Records from a data collection

**********

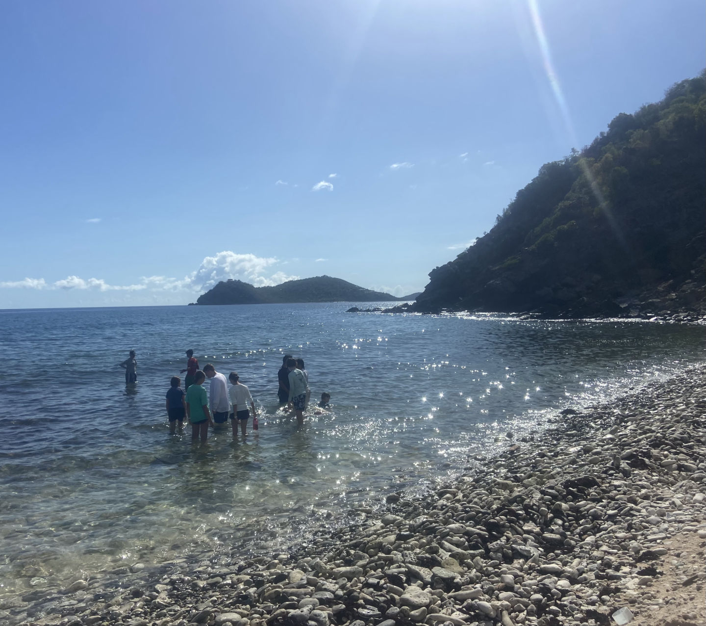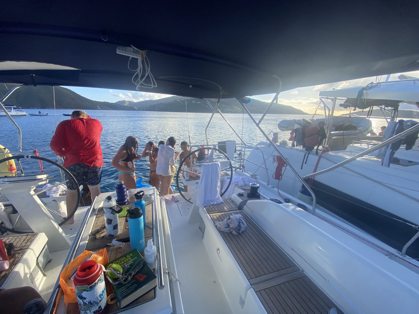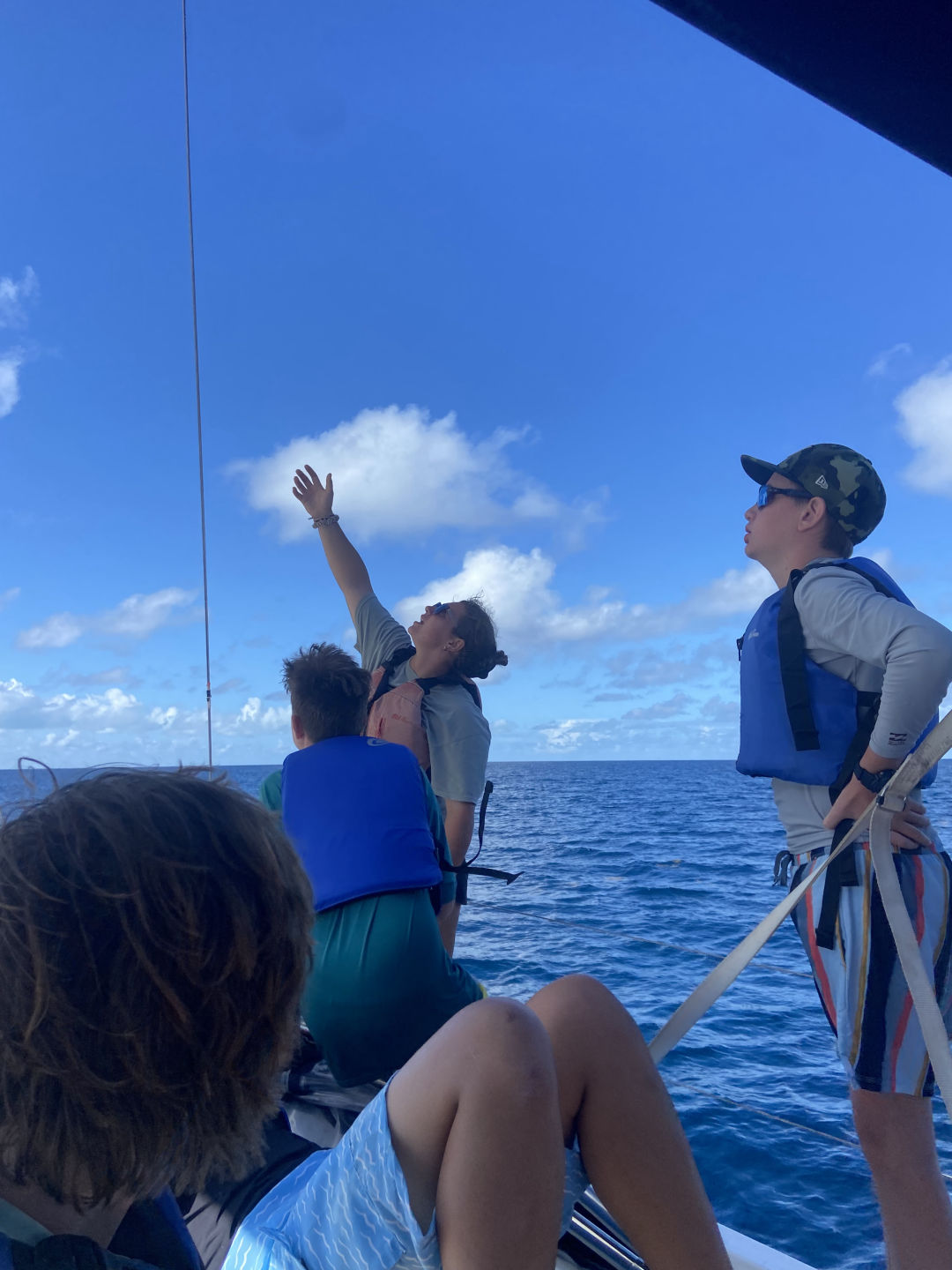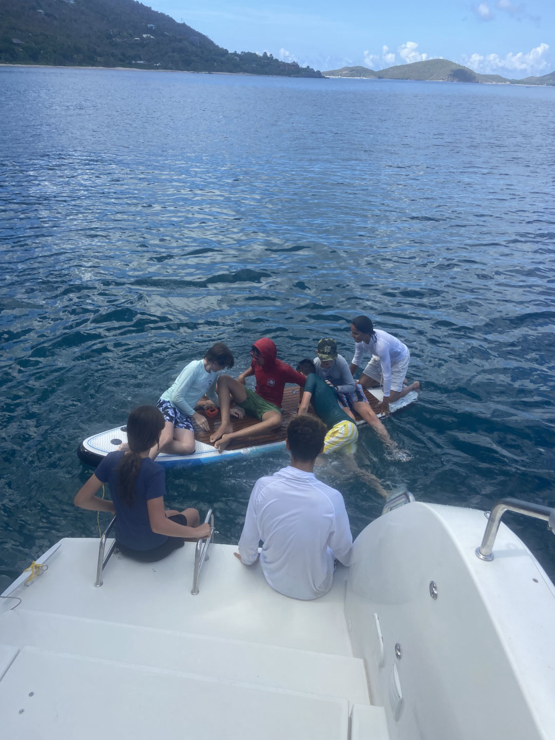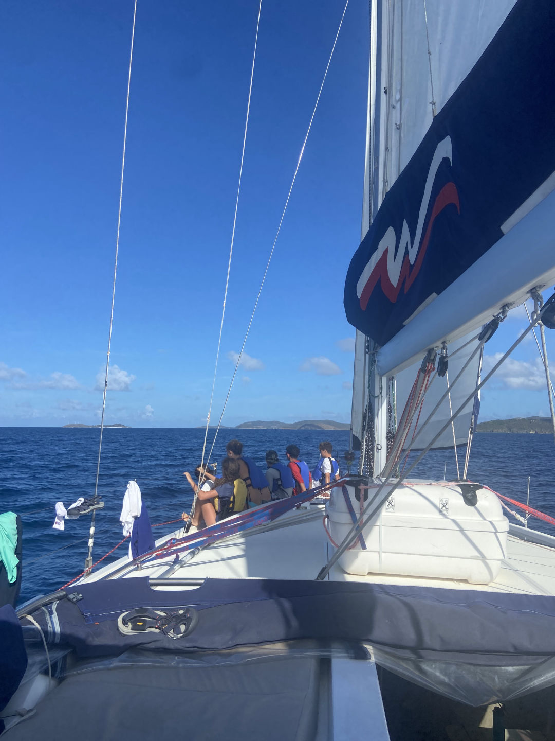 Hello, I am Noah, and I am the Skipper of the day. We had a thrilling day today. It started with the usual breakfast, which was planned to be French toast. However, it ended up being cereal due to a lack of time because of early activity. The activity was a long hike, and since a dinghy took us to the island, we had to swim a few meters to get to the land because the boat would have gotten stuck. There were countless amount of cacti, which unfortunately cut Adnan and Caitlin, but they recovered with lots of laughs. Throughout the whole hike, every time our group was in rocky ocean water, Alexa demonstrated her leadership skills by warning people where the dangerous sea urchins were and to be cautious not to step on them. After our hike, Sienna later found one of the sea urchin spikes on her foot, but thankfully, it was mild, and the spike has been recovered. Our next action-packed activity was wakeboarding, waterskiing, and kneeboarding. Adnan, Jyles, Jacob, and I went on a boat together. Cameron, Arhan, and Conrad were on a boat together, and Alexa, Lily, Caitlin, and Jasper went on a boat together. Arhan got up for the first time on the wakeboard, and the people on his boat were very supportive and uplifting about it. On my boat, the highlight was Jacob’s huge fall off the ski boat, and the same thing happened to Jasper on his boat. After our water sports, we had these delicious chicken salad wraps for lunch, which was eaten up hastily. Soon after, our group went scuba diving and had a blast. We learned many new unique skills underwater that we will most definitely use in the future for scuba diving. After wrapping our time at Mountain Point, we were on our way to Vixon. After the long and sweaty day, we set up for our anchorage, and we all took showers in the seawater and had a 10-second freshwater rinse when done. We finished off the day with cheddar broccoli pasta and a good portion of luxurious, rich, chocolate brownies to go with a movie that we will watch with another boat from sail side we rafted to for the night!!
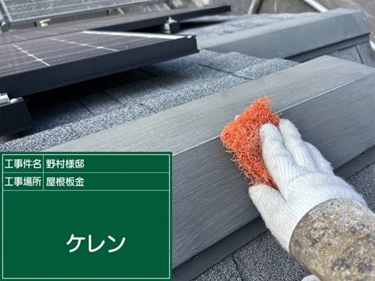 雨樋をケレン作業→下塗り→上塗りの3工程で塗装をしております。
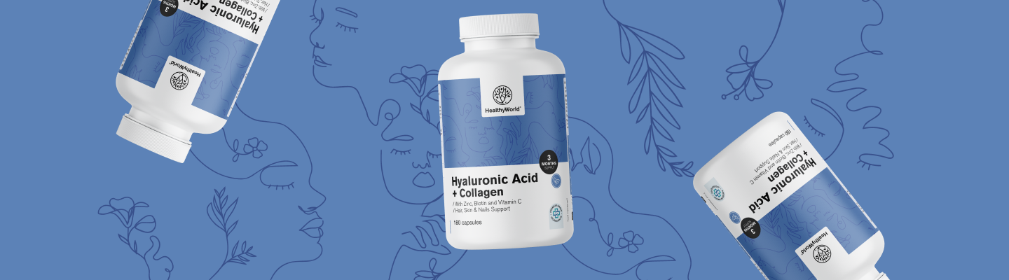 In de combinatie van Hyaluronzuur + collageen zitten naast collageen en hyaluronzuur ook zorgvuldig geselecteerde 4 vitaminen en mineralen en bamboe-extract.
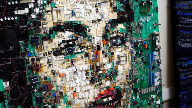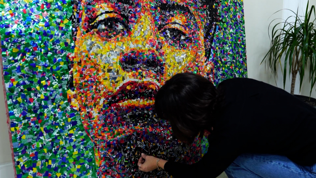 اقترب المراسل من إحدى اللوحات ولاحظ بأن قِطعَها مكونة من قماش الجينز، ولم يتم تلوينها بالألوان بل صُنعت بالكامل من قطع الجينز البالية. وفي لوحة أخرى مختلفة تمامًا، اعتمد الفنان على تثبيت لوحات دوائر النفايات الكهربائية على القماش بالبراغي، لتظهر لوحة فنية رائعة الجمال.
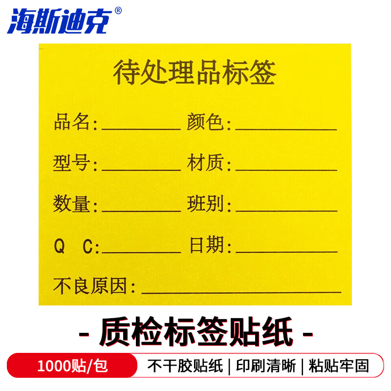 海斯迪克 质检标签 gny-516 待处理品标签 1000贴 1包
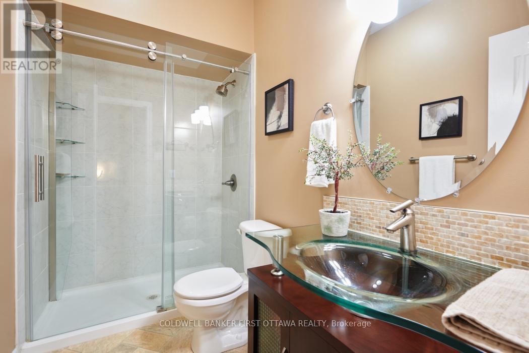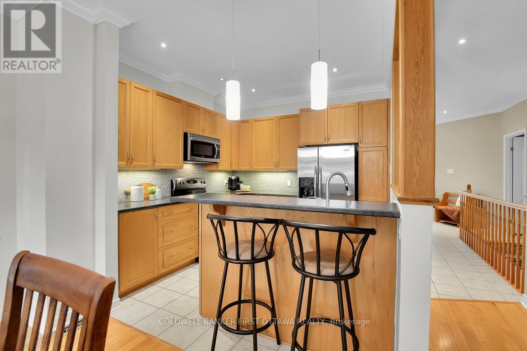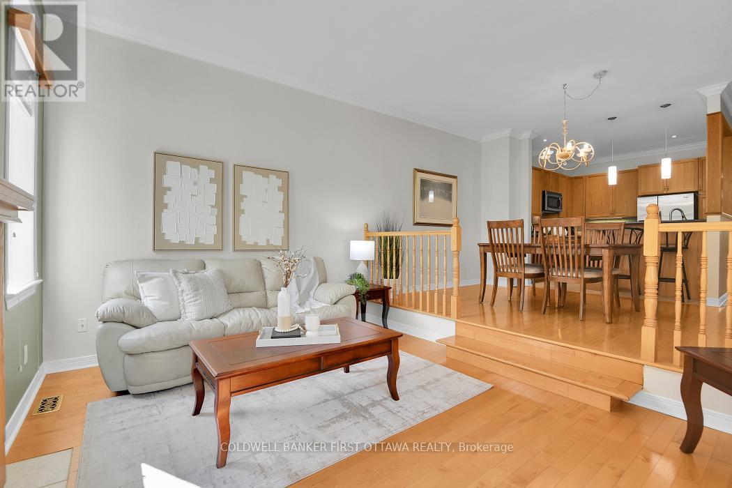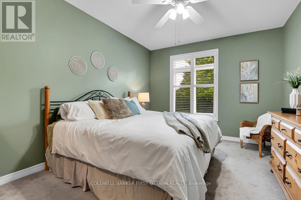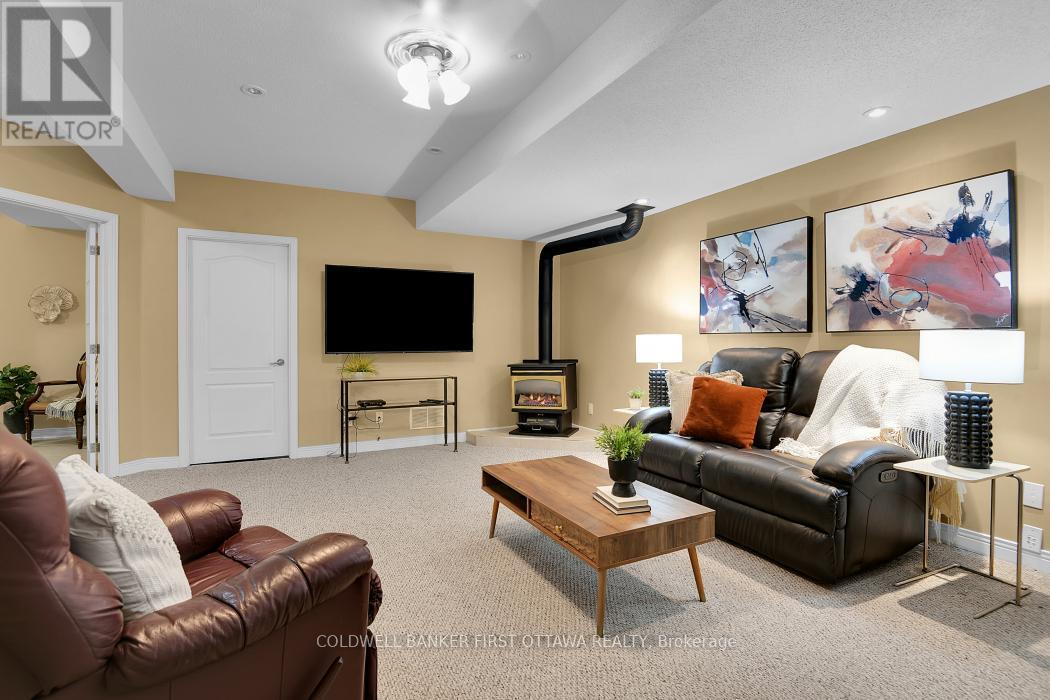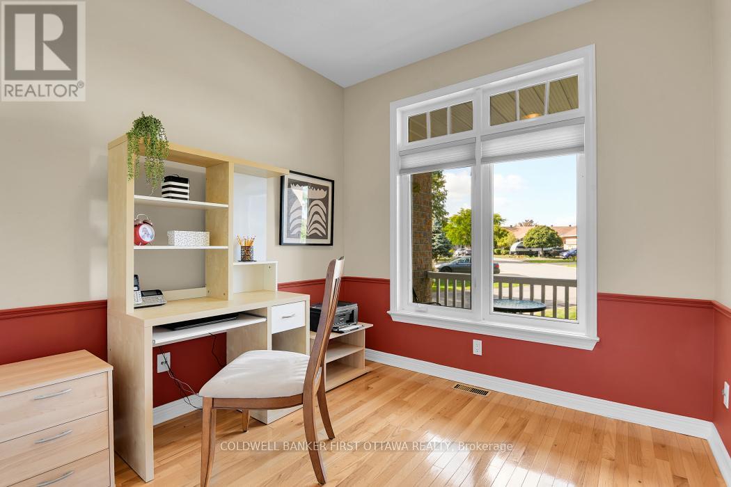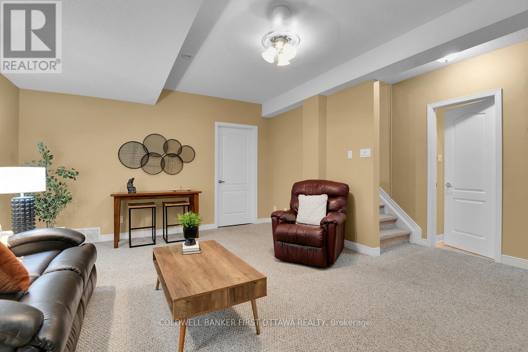 Welcome to 39 Sable Run Dr - Tranquil Adult Living in the Heart of Stittsville! Nestled in a sought-after adult lifestyle community, this charming 2+1 bedroom, 3-bathroom bungalow offers comfort, style, and low-maintenance living. With great curb appeal, a paved driveway framed by interlock, and a newly installed garage door on the oversized single garage, the home makes a welcoming first impression. Step onto the lovely front porch, great spot for morning coffee or evening wine, and into a bright, spacious foyer featuring tile flooring and a double-door coat closet. A versatile front bedroom, currently used as a den, adds flexibility to the layout. Main floor laundry room includes a closet and direct access to the garage for added convenience. At the heart of the home is a beautifully updated kitchen w/tile flooring, stainless steel appliances, refreshed cabinetry, stylish backsplash, breakfast bar, and countertops. The open-concept living and dining areas feature rich hardwood flooring, fresh designer paint, and large windows that flood the space with natural light. A gas fireplace adds warmth and ambiance. The patio door leads to the private backyard oasis. The primary bedroom boasts soft carpeting, custom shutters, a walk-in closet, and a 4-piece ensuite complete with a soaker tub, shower, toilet, and vanity. Downstairs, the fully finished lower level includes a cozy family room with a freestanding gas stove, a third bedroom, and a convenient two-piece bath (with space to convert into a full bathroom). You'll also find a large utility/storage room and a workshop area with ample storage. The fully interlocked backyard features a beautiful stone patio and steps, surrounded by tall hedges and mature trees, creating a serene, private retreat. This well-maintained home combines comfort, functionality, and privacy in a quiet, friendly neighborhood ideal for downsizers, empty nesters, or anyone looking for relaxed living with easy access to amenities. 24 hrs irrev (id:50982)
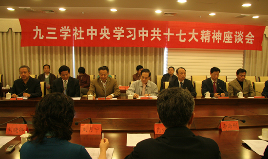 ,学习座谈中共十七大精神。九三学社中央主席韩启德、常务副主席陈抗甫出席会议并讲话。座谈会由九三学社中央副主席邵鸿主持。
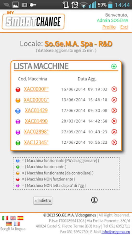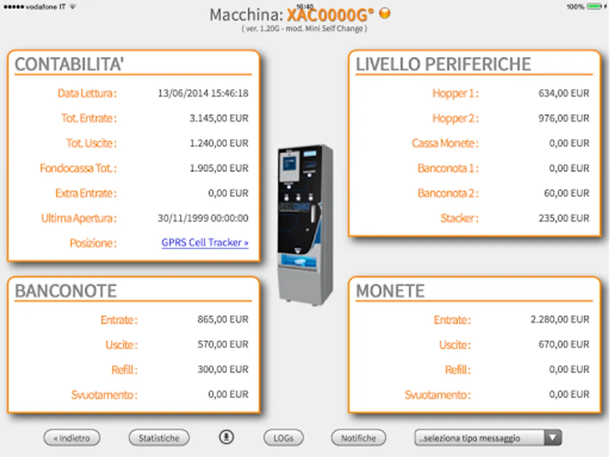The program allows centralized management of machines divided by more point of sales without size limits, and also manage access permissions via Bluetooth (BT option required).

**********

TASK
Copy out nothing but the lines from the beginning of the records through the one that contains "雨樋をケレン作業→下塗り→上塗りの3工程で塗装をしております。". Skip the pictures.

RESULT BELOW
 Hello, I am Noah, and I am the Skipper of the day. We had a thrilling day today. It started with the usual breakfast, which was planned to be French toast. However, it ended up being cereal due to a lack of time because of early activity. The activity was a long hike, and since a dinghy took us to the island, we had to swim a few meters to get to the land because the boat would have gotten stuck. There were countless amount of cacti, which unfortunately cut Adnan and Caitlin, but they recovered with lots of laughs. Throughout the whole hike, every time our group was in rocky ocean water, Alexa demonstrated her leadership skills by warning people where the dangerous sea urchins were and to be cautious not to step on them. After our hike, Sienna later found one of the sea urchin spikes on her foot, but thankfully, it was mild, and the spike has been recovered. Our next action-packed activity was wakeboarding, waterskiing, and kneeboarding. Adnan, Jyles, Jacob, and I went on a boat together. Cameron, Arhan, and Conrad were on a boat together, and Alexa, Lily, Caitlin, and Jasper went on a boat together. Arhan got up for the first time on the wakeboard, and the people on his boat were very supportive and uplifting about it. On my boat, the highlight was Jacob’s huge fall off the ski boat, and the same thing happened to Jasper on his boat. After our water sports, we had these delicious chicken salad wraps for lunch, which was eaten up hastily. Soon after, our group went scuba diving and had a blast. We learned many new unique skills underwater that we will most definitely use in the future for scuba diving. After wrapping our time at Mountain Point, we were on our way to Vixon. After the long and sweaty day, we set up for our anchorage, and we all took showers in the seawater and had a 10-second freshwater rinse when done. We finished off the day with cheddar broccoli pasta and a good portion of luxurious, rich, chocolate brownies to go with a movie that we will watch with another boat from sail side we rafted to for the night!!
 雨樋をケレン作業→下塗り→上塗りの3工程で塗装をしております。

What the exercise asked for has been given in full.